Data shown:
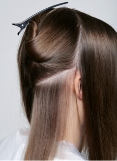 -pull the wide teeth of a comb across scalp where you want the section to be
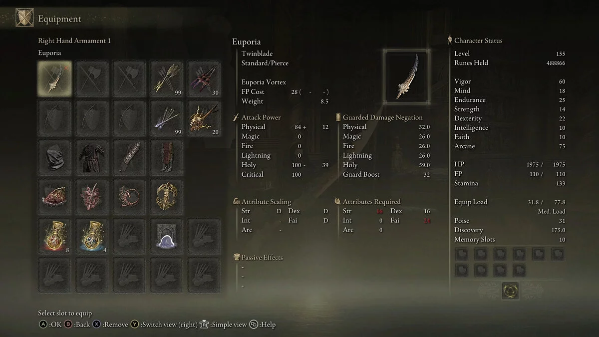 Дополнение Elden Ring Shadow of the Erdtree может похвастаться множеством уникального и мощного оружия. Одним из легендарных клинков является Эйфория (Euporia Twinblade), которую можно найти на более поздних этапах дополнения. Рассказываем, что нужно сделать, чтобы добраться до этого оружия.
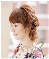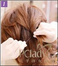步骤1、用棒将整体的发梢向外打成大大的发卷,然后将后面头顶的头发拢起来,用发夹暂时固定住。拢的时候可以一边拧成股一边地拢起。
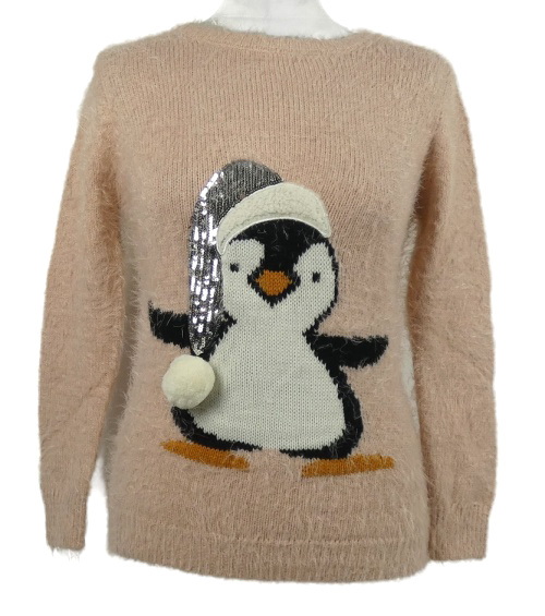 Dámsky svetloružový chlpatý sveter s tučňákem Primark

Work task: From the line with "Дополнение Elden Ring" to the last line above, restate each line word for word, but skip the pictures.

Written solution:
 Дополнение Elden Ring Shadow of the Erdtree может похвастаться множеством уникального и мощного оружия. Одним из легендарных клинков является Эйфория (Euporia Twinblade), которую можно найти на более поздних этапах дополнения. Рассказываем, что нужно сделать, чтобы добраться до этого оружия.
步骤1、用棒将整体的发梢向外打成大大的发卷,然后将后面头顶的头发拢起来,用发夹暂时固定住。拢的时候可以一边拧成股一边地拢起。
 Dámsky svetloružový chlpatý sveter s tučňákem Primark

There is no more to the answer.